Leads from the western channel
A carpet of brilliance taking
My leave for ever of the island.
And
then there is the rightly and much renowned “Bagpipe Music”:-
It’s no go my honey love, it’s no go my poppet;
Work your hands from day to day, the winds will blow the profit.
The glass is falling hour by hour, the glass will fall for ever,
But if you break the bloody glass you won’t hold up the weather.
Work your hands from day to day, the winds will blow the profit.
The glass is falling hour by hour, the glass will fall for ever,
But if you break the bloody glass you won’t hold up the weather.
One has to search a little
to find what effect Hector MacIver had on “I Crossed the Minch” other than
being a genial host. But one critic picks out where in “I Crossed the Minch”

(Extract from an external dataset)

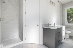 Amazing New Yorker/Colonial style, luxury new infill home close to Mill Creek Ravine. The spacious 2-storey home with 2604 sq ft projects timeless, thoughtful elegance. The stately facade has Hardie plank siding as well as large windows and a flat roof. Inside, the main floor opens dramatically onto a ceramic tile hallway with a a living room, and a flex room/2nd living room. A chef inspired kitchen with dining area with access to deck. On this level is a 4th bedroom and ensuite for guests, and a mudroom back entrance. Upstairs, the luminous primary suite with walk-in closet/ensuite. Two bedrooms with balconies face the back. A bonus room, 4-pc bathroom and generous laundry room complete the floor. The basement (9' ceiling) with separate side entrance is unfinished, waiting for your design. There is a deck & a double garage with 10ft ceiling. The home is mins bike ride to University of Alberta or downtown. Located in Old Strathcona, within walking distance to shops.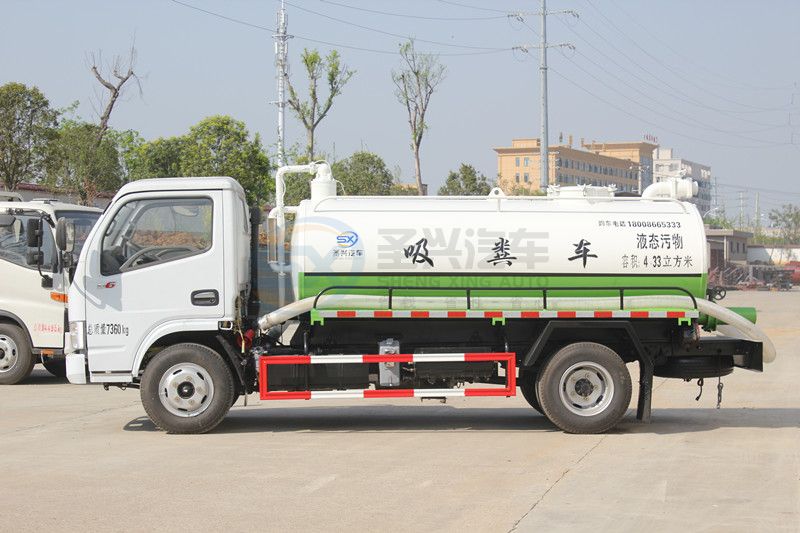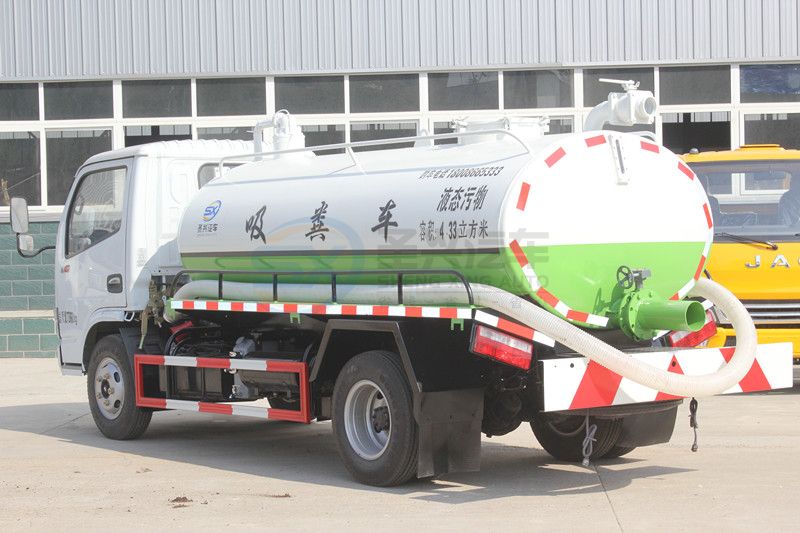 東風(fēng)多利卡5噸吸糞車罐體形狀為橢圓形,采用武鋼6mm厚優(yōu)質(zhì)碳鋼鋼板,罐體帶視糞窗,洗手裝置,舉升裝置,吸污管5米一根,罐體多種顏色選擇,其余按廠內(nèi)標(biāo)準(zhǔn)配置制作。隨車配置大功率真空泵和優(yōu)質(zhì)液壓系統(tǒng),罐體封頭一次壓鑄成型、罐體可后開、雙頂自卸。罐內(nèi)污物可通過后蓋直接傾倒,具有真空度高、噸位大、效率高、用途更廣泛的特點(diǎn)。(垂直吸程:≥7 m,工作壓力:7000Pa,理論抽速:110L/S,進(jìn)排氣口徑:50mm,抽滿罐時間:<5 min,排滿罐時間:<4min。吸糞車采用大功率真空泵,一次壓鑄成型的封頭-,加厚的抗壓罐體,雙頂液壓系統(tǒng),。

there is clear evidence of MacNeice and MacIver collaborating in analysis of
the difference between a dance in Shawbost, part of the “Celtic timelessness”,
and a concert in the town of Stornoway - where the dancers were “becoming
objectified, alienated products of the music industry.”
Or,
as MacNeice himself put it in “I Crossed the Minch” “… one could thank God that one was not a
citizen of Stornoway….European man at his worst.” The point that MacIver and
MacNeice seemed to be making was that the culture of entertainment in Shawbost
was an indigenous local product; the culture of Stornoway they saw as an
importation.
One
21st century Hebridean critic has written to me:
“MacNeice's view of Stornoway. What did he expect? For centuries
the town has been the antithesis of rural Lewis: anti-Gaelic, weak in religious
faith, hedonistic, eager to adopt imported behavioural trends (e.g.
cinema-going, flapper attire in the late 20s, complex female hairstyles).

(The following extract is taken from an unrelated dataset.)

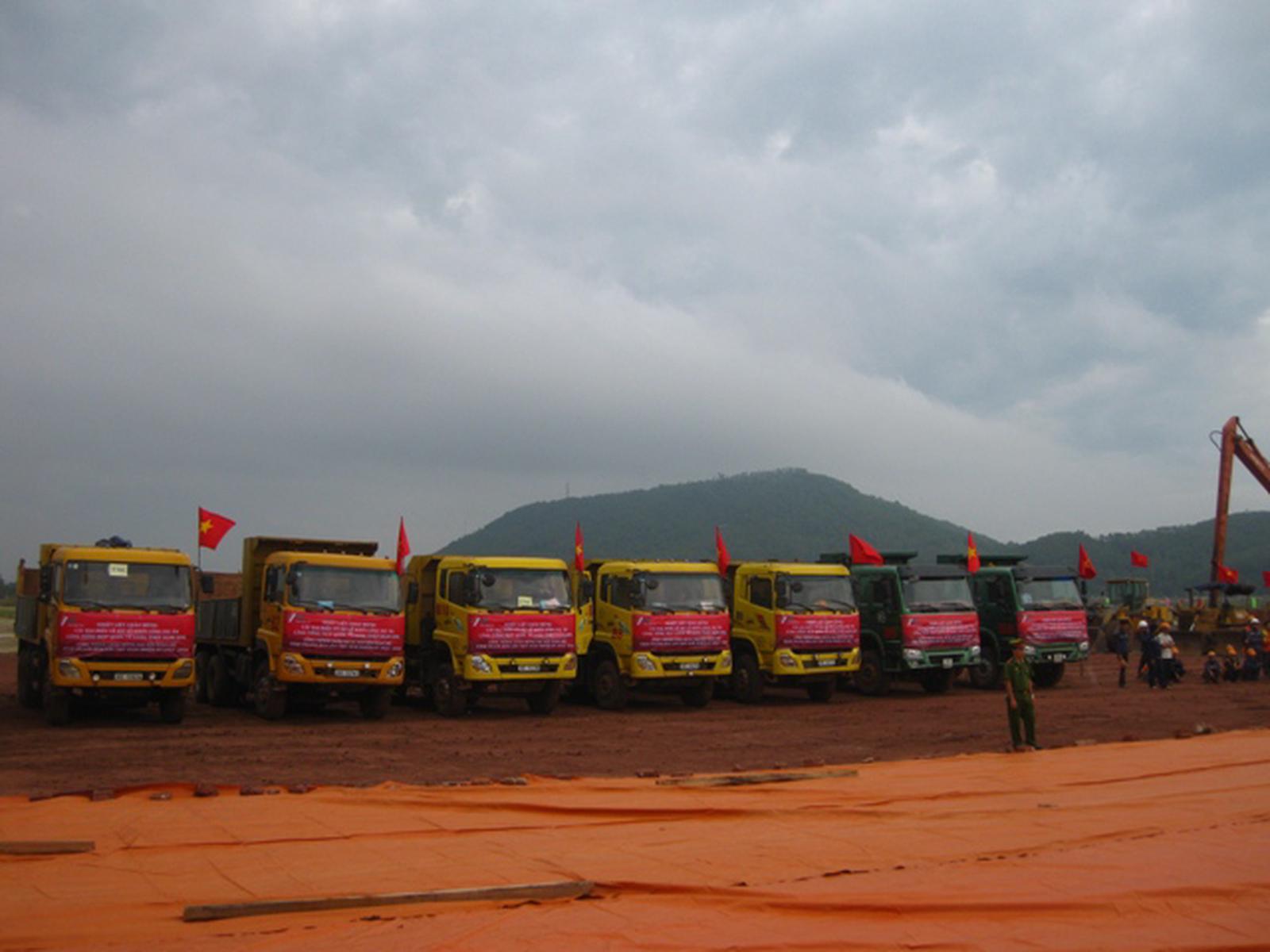 Nhiều máy móc được điều động đến phục vụ cho lễ khởi công dự án. Ảnh: Văn Thanh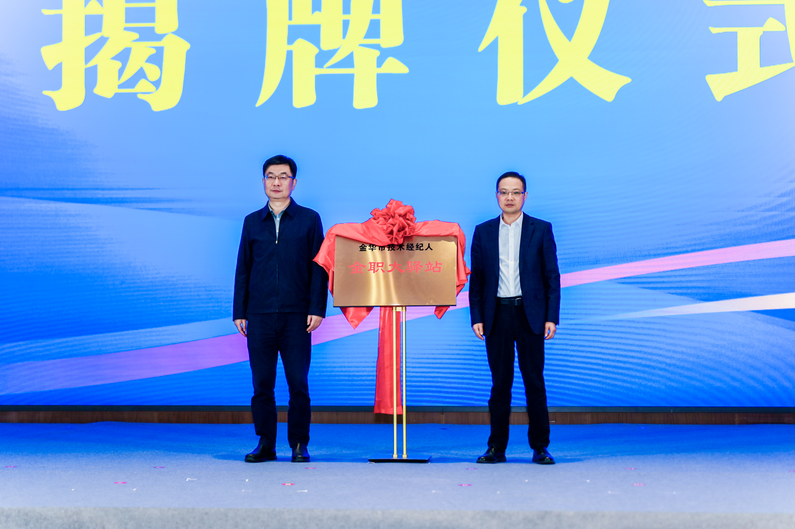 开幕会上,金华市科技局局长与学校科技处负责人共同为“金华市技术经纪人金职大驿站”揭牌,标志着金华市首家技术经纪人驿站正式成立。

Cailleachs [old ladies]from distant townships like Gravir or Brenish would actually stop to
stare at the latest outlandish fashions among the gilded urban youth.”
How much Hector appreciated MacNeice’s
book is apparently (and sadly) unrecorded. This would have been interesting to
know, not least because of what is said by one reviewer (in 2007) on the book’s
re - publication:
“MacNeice
moans about the Island people, the drab landscape, ‘the monotony of
heather’, the food…... He gropes his way over the Islands with his eyes and
ears closed. The only conversations he records are with people of standing; the
editor of the Stornoway Gazette, which was produced in English, schoolteachers
or his middle class friends………. The locals he
mentions only in passing as a means of providing him hospitality which he
appears to accept as his right. The Gaelic language he holds up as a barrier to
local conversation”
Between
one thing and another, one can understand why the book was as poorly received
in Stornoway as it was in the MacIver home in Shawbost.